When executing a query, exactly one of these datasets is chosen in order of precedence:
Protocol > SPARQL > default
For the rest of this discussion, “the dataset” refers to the dataset chosen in the prior step.
Active graph
When matching triple patterns in the query, the “active graph” is used to determine the scope of matching:
- By default, the active graph is set to the default graph of the dataset.
- The GRAPH graph pattern can be used to alter the active graph. If the GRAPH graph pattern is used, only the named graphs are considered.
- Fixed GRAPH patterns specify an IRI to use as a named graph. In this case, only the specified named graph in the dataset will be used. If the IRI is not one of the named graphs in the dataset, the active graph will be the empty graph.
- Variable graph patterns specify a variable to bind to the graph of each solution. In this case, the whole graph pattern is matched against each named graph in the data set, the graph variable is bound in each solution and the results are unioned.
Examples
In all examples, assume there is a default dataset defined by the query processor with default graph = DG and named graphs NG1 and NG2. No dataset is provided in the protocol.
Example 1
SELECT ?a ?b ?c ?g
WHERE {
{ ?a … }
GRAPH <NG1> {
?b …
}
GRAPH ?g {
?c …
}}
- Dataset: There is no FROM or FROM NAMED so the processor’s default dataset is used.
- Default graph: DG
- Named graphs: NG1, NG2
- Active graph
- Containing ?a: DG
- Containing ?b: NG1
- Containing ?c: NG1, NG2
Example 2
SELECT ?a ?b ?c ?g
FROM graph1
FROM graph2
WHERE {
{ ?a … }
GRAPH <graph1> {
?b …
}
GRAPH ?g {
?c …
}}
- Dataset: There is a FROM, so the default dataset is discarded.

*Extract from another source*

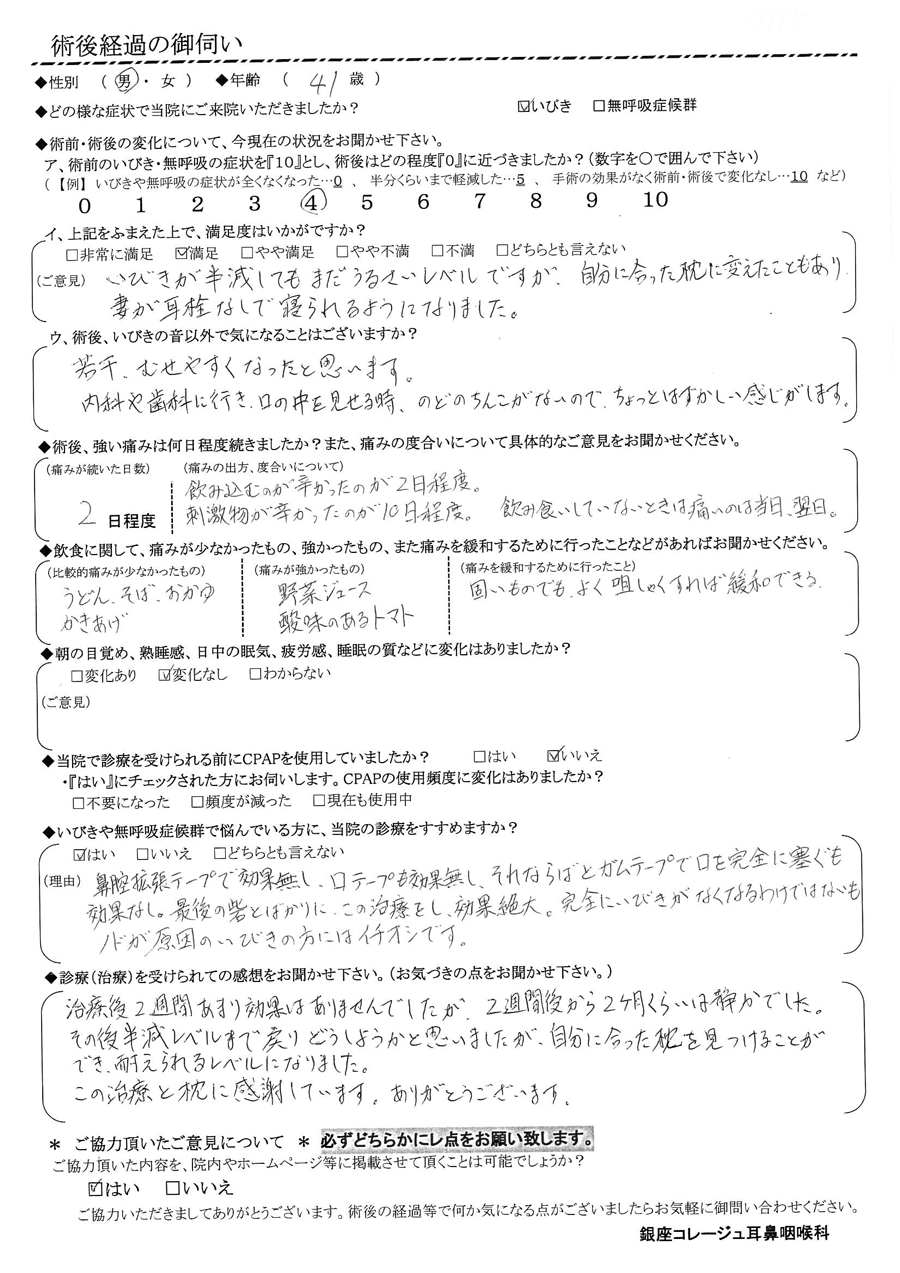 ア, 術前のいびき・無呼吸の症状を『10』だったとすると、術後はどの程度になりましたか? 【4】

- Default graph: RDF-MERGE(graph1, graph2)
- Named graphs: None
- Active graph
- Containing ?a: RDF-MERGE(graph1, graph2)
- Containing ?b: empty graph
- Containing ?c: empty graph
Example 3
SELECT ?a ?b ?c ?g
FROM NAMED graph1
FROM NAMED graph2
WHERE {
{ ?a … }
GRAPH <graph1> {
?b …
}
GRAPH ?g {
?c …
}}
- Dataset: There is a FROM NAMED, so the default dataset is discarded.
- Default graph: empty
- Named graphs: graph1, graph2
- Active graph
- Containing ?a: empty graph
- Containing ?b: graph1
- Containing ?c: graph1, graph2
Example 4
SELECT ?a ?b ?c ?g
FROM graph1
FROM graph2
FROM NAMED graph3
FROM NAMED graph4
WHERE {
{ ?a … }
GRAPH <graph3> {
?b …
}
GRAPH ?g {
?c …
}}
- Dataset: There is a FROM and FROM NAMED, so the default dataset is discarded.
- Default graph: RDF-MERGE(graph1, graph2)
- Named graphs: graph3, graph4
- Active graph
- Containing ?a: RDF-MERGE(graph1, graph2)
- Containing ?b: graph3
- Containing ?c: graph3, graph4
Questions
- What happens if you specify a fixed IRI in a GRAPH pattern that is not one of the named graphs in the dataset? The specification does not explicitly cover this but I believe this statement in the spec: “The GRAPH keyword is used to make the active graph one of all of the named graphs in the dataset for part of the query.” implies that only named graphs in the dataset will return data in a GRAPH.

Hi! My name is Alex Miller and I live in St. Louis. I write code for a living and currently work for
So your question is to confirm example 3? I think you’re right, but I also don’t know if any stores actually work that way.
Your post here demonstrates something I’ve been noticing lately where I think we have some confusing language in the spec. The query processor has a “default graph”. We also have the “default graph” described in a dataset. If there are no FROM statements, then the dataset’s default graph is set to the query processor’s default graph. So the query processor is the default “default graph”. This isn’t new, as it’s exactly the same as the SPARQL 1.0 spec.
It’s also worth noting that there’s another way to set the current graph, and that’s with a SERVICE block. In that case the graph will be coming from the remote store, and may be completely out of the scope of the current dataset. This can get really hairy if the service happens to be a loopback to the current store.